Fig. 1. Polycarbonate sheet (A) is thermobent to form the vacuum-exhausted isolation locker (VEIL) shell (B). The subject lays supine inside the shell which is then enclosed by a polyvinylchloride drape (C). A darkfield (fluorescent) view from the foot of the gurney (D) facilitates imaging of aerosols and droplets in and outside the VEIL.

Figure 1

Fig. 2. Maximum intensity projections and mean pixel intensities from droplet and aerosol generation experiments. Mean pixel intensity measurements were obtained from 4 regions of interest: inside the vacuum-exhausted isolation locker (VEIL, outlined in green), outside the VEIL (outlined in purple), upper portion of VEIL (outlined in red), lower portion of VEIL (outlined in blue). Nebulization (A–C) continuously produced droplets from 0 to 4 minutes into (A) the ambient air without the VEIL, (B) the VEIL with suction turned on at 4 minutes, and (C) the VEIL with continuous suction.
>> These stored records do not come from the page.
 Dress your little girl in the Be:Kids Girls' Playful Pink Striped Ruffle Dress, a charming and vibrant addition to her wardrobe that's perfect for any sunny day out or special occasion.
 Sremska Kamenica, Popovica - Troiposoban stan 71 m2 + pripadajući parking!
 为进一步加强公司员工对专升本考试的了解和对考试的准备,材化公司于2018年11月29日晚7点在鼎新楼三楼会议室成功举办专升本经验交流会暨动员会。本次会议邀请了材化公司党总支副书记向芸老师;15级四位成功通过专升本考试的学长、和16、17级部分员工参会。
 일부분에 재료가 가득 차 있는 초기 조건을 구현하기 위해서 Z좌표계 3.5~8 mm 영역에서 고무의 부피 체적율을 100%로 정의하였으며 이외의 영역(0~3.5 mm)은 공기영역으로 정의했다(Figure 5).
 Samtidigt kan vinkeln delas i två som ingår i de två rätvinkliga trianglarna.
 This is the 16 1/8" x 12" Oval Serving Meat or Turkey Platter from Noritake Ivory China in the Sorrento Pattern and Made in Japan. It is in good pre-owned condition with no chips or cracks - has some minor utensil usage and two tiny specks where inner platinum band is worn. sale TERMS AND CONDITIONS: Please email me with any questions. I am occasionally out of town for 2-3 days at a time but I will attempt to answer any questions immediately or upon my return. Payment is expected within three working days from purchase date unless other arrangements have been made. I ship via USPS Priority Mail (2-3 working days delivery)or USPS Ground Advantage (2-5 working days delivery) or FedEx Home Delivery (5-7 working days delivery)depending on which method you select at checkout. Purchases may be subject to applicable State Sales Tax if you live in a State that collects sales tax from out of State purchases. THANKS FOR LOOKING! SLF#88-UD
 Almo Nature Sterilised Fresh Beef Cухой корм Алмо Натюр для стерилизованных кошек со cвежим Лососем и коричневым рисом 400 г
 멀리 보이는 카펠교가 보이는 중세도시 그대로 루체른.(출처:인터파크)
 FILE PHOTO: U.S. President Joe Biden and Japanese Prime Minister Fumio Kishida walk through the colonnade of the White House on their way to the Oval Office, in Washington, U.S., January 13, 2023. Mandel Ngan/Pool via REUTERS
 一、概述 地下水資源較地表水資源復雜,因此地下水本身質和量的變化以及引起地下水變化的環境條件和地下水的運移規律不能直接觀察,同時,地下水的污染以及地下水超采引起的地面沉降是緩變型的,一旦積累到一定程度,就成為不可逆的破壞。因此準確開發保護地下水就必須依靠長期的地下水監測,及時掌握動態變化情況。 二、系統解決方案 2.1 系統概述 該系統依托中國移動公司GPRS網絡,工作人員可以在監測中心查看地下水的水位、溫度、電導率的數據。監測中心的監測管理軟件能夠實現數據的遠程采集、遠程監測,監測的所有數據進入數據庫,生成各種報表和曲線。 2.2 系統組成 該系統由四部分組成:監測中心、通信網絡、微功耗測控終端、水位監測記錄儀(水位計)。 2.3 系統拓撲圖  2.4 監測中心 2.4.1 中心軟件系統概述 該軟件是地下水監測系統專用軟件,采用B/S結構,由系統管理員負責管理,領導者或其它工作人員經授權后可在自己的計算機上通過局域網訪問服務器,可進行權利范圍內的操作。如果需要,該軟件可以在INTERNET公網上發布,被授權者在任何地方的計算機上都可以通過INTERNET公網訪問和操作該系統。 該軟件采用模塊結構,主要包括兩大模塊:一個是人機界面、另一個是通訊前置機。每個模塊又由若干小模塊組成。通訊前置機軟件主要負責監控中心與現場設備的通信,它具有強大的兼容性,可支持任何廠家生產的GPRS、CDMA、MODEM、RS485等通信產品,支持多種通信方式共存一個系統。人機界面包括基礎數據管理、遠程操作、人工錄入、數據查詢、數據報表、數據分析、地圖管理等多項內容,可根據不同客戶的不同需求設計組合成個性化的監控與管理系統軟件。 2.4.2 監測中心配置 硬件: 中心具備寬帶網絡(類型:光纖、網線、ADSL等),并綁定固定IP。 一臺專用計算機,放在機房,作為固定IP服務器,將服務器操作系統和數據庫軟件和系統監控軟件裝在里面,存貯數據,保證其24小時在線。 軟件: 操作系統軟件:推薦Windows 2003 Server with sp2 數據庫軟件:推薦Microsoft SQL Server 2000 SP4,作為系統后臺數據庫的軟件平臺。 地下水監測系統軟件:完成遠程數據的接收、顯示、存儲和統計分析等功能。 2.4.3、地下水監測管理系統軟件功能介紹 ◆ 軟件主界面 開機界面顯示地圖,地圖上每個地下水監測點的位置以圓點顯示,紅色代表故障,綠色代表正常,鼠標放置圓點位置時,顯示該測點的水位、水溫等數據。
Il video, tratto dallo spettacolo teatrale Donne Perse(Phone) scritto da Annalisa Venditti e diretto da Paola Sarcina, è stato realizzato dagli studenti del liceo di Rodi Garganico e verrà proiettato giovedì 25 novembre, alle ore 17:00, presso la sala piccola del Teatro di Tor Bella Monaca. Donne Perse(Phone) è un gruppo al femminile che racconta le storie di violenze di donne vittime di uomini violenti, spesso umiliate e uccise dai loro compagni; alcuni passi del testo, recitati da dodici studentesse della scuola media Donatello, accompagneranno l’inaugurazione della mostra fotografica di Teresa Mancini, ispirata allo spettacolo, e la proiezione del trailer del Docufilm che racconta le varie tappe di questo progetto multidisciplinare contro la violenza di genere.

The blue line in B2 rises beyond 40 units, but in C2, it saturates at 20 units. The particle accumulation overall inside the VEIL (green line) plots in C2 is approximately half of B2 and clears more quickly. Vaporized aerosols inhaled and then coughed by a healthy subject (D2–F2, arrows) into (D) ambient air without the VEIL, (E) VEIL without suction, and (F) VEIL with continuous suction shows similar reductions in particle accumulation.